The traditional television industry has come under intense pressure in recent years from so-called over-the-top competitors like Netflix, and Canadian media companies have been working to come up with their own video-streaming products that they hope will address a consumer desire for binge-watching without kneecapping their own television distribution businesses.
Total television subscribers in Canada fell slightly last year, dropping by 0.1 per cent to 11.9 million households in 2013, according to the most recent report from the Canadian Radio-television and Telecommunications Commission. Among the five largest television distributors, the cable providers Rogers, Shaw, Cogeco Cable Inc. and Quebecor Inc.’s Videotron Ltd. all suffered subscriber losses from 2013 to 2014, the CRTC said. Bell – which has benefitted from subscriber growth due to its four-year-old Fibe TV Internet protocol television product even as its satellite division has posted losses – actually added customers to its television subscriber base in that time period.
Bell Media participated in initial discussions about joining the Shomi project but ultimately decided to go in its own direction.
“We respect what [Shomi is] doing and we think Canadian services should fight to protect the Canadian market – we don’t believe it’s right what Netflix has been able to do,” Mr. Crull said. At a regulatory hearing in September, Bell executives complained that unregulated online competitors don’t have to contribute to the Canadian broadcast system. “So we’re pleased to see everybody working in this space, but we felt we could do something different and more meaningful, and that’s been what our strategy is to pursue.”
Customers will be able to access the service through their set-top boxes, or through smart-TV applications, which rely on an Internet connection, as well as certain gaming consoles, Mr. Crull said, noting that authenticated users will also be able to watch through a Cravetv website.
Bell Media has already announced much of the content it has secured Canadian streaming rights for – including the HBO back catalogue of scripted shows, Monty Python’s Flying Circus and a comedy library led by Seinfeld – as well as distribution agreements with its own Bell and Bell Aliant divisions and Telus Corp. through its OptikTV service.

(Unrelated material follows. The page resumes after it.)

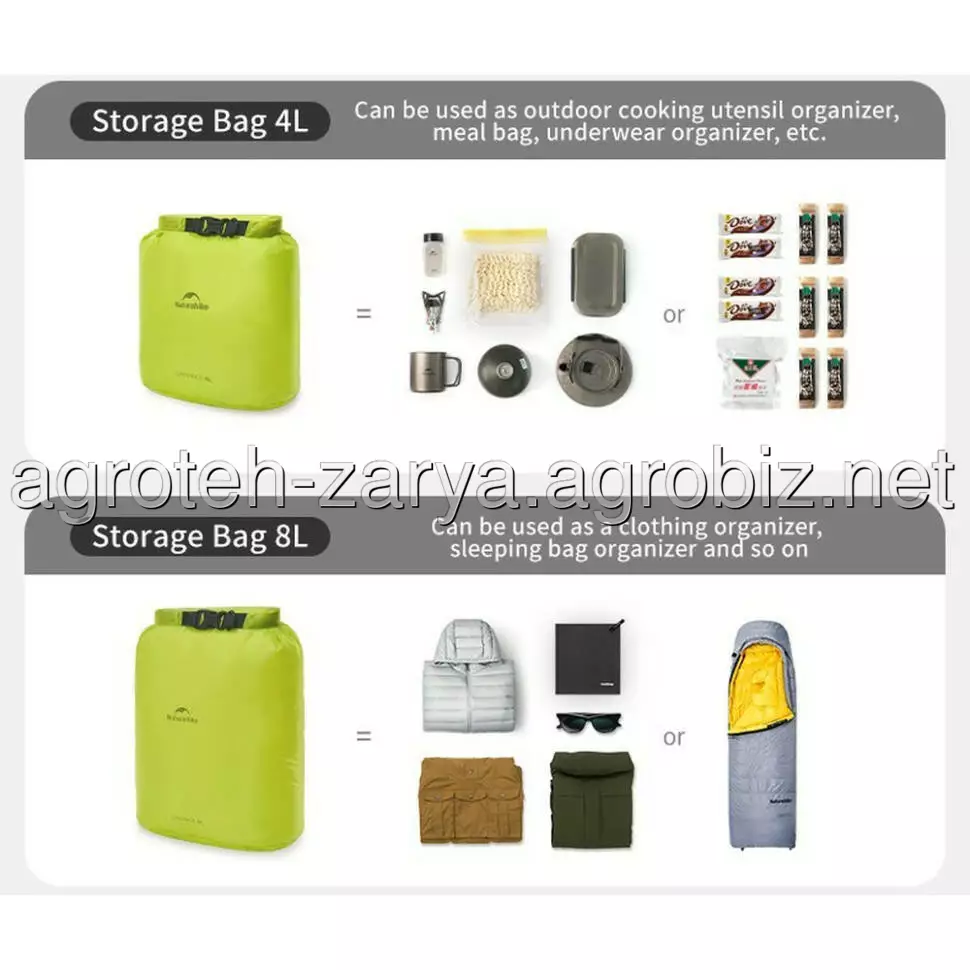 Об'єм гермомішка Naturehike CNK2550XB012 складає 8 л, чого достатньо для зберігання найважливіших дрібниць під час походів, велопрогулянок та подорожей.

Mr. Crull said the company has been in talks with other television providers for the past three months. “We’ve had extensive conversations with every major distributor and Wednesday we will have announcements of more distributors picking [Cravetv] up. I’m hopeful that within maybe three months that this will be available to every Canadian who has a TV service, that every distributor picks it up.”
“I would point out that’s very different from the other service in the market, which did this cute little beta trial where they decided to just keep it to themselves,” Mr. Crull said, in a jab against Shomi, which launched in a test phase for the first six to 12 months and so far is only available to Rogers and Shaw customers. “Our product isn’t launching in beta, it’s launching ready for market, ready for prime time and that will be within a few weeks.”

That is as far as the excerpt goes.